> TASK BRIEF: Leave out any pictures and transcribe all other data below exactly.

> INFORMATION SHOWN:
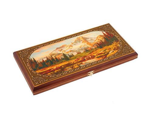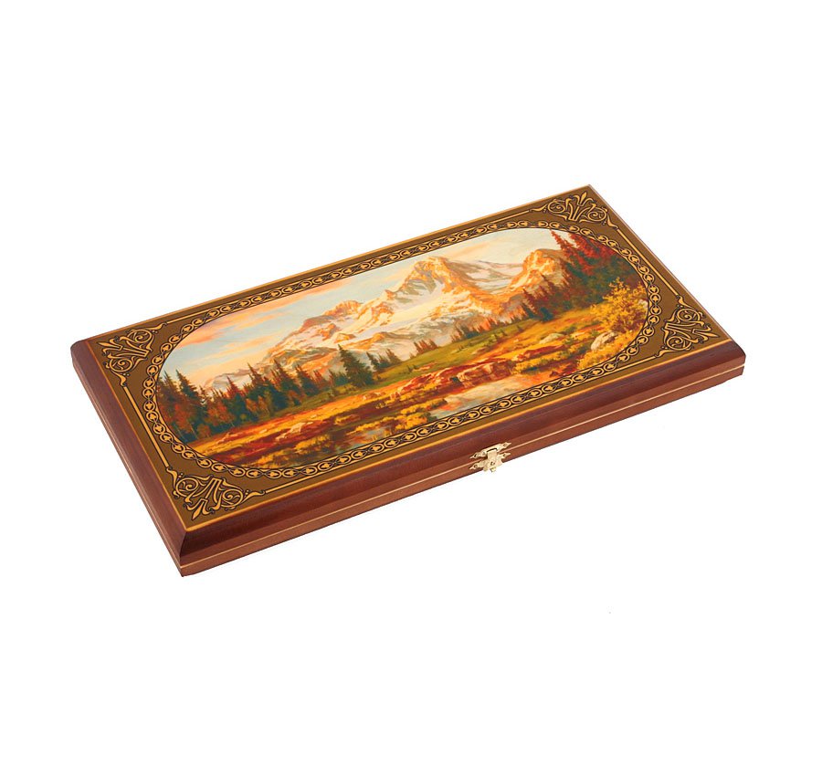 Большой набор игр "Горы" упакован в деревянный лакированный кейс, оформленный красочным изображением и дополнительным полем для игры в шашки и шахматы. Внутренняя часть кейса представляет собой игровое поле. В наборе - 2 игральных кубика, деревянные шашки и шахматные фигуры.
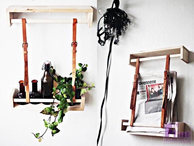 Из двух ремней и двух самых обычных подставок для специй можно соорудить очень необычную настенную полку! Достаточно оснастить одну полку настенным крепежом и застегнуть на ограничительном поручне два ремня. Неокрашенное чистое дерево прекрасно сочетается со старой благородной кожей. Для такой полки ремни лучше выбрать в натуральном коричневом оттенке, хотя для яркого интерьера можно использовать и цветные ремни.
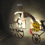 This exhibition is comprised of sculptural weathervanes and “altered-sign” paintings made with re-cycled street and traffic signs salvaged from the Scottsdale Transportation Department. The iconic folk art style of the forms and imagery touch on imagination and social dexterity as a means of crossing boundaries. Nelson conjures  a curious array of signs, signals—shapes and words that reference the deep multi-culturalism that dominates the American experience.

> TASK OUTPUT:
 Большой набор игр "Горы" упакован в деревянный лакированный кейс, оформленный красочным изображением и дополнительным полем для игры в шашки и шахматы. Внутренняя часть кейса представляет собой игровое поле. В наборе - 2 игральных кубика, деревянные шашки и шахматные фигуры.
 Из двух ремней и двух самых обычных подставок для специй можно соорудить очень необычную настенную полку! Достаточно оснастить одну полку настенным крепежом и застегнуть на ограничительном поручне два ремня. Неокрашенное чистое дерево прекрасно сочетается со старой благородной кожей. Для такой полки ремни лучше выбрать в натуральном коричневом оттенке, хотя для яркого интерьера можно использовать и цветные ремни.
 This exhibition is comprised of sculptural weathervanes and “altered-sign” paintings made with re-cycled street and traffic signs salvaged from the Scottsdale Transportation Department. The iconic folk art style of the forms and imagery touch on imagination and social dexterity as a means of crossing boundaries. Nelson conjures  a curious array of signs, signals—shapes and words that reference the deep multi-culturalism that dominates the American experience.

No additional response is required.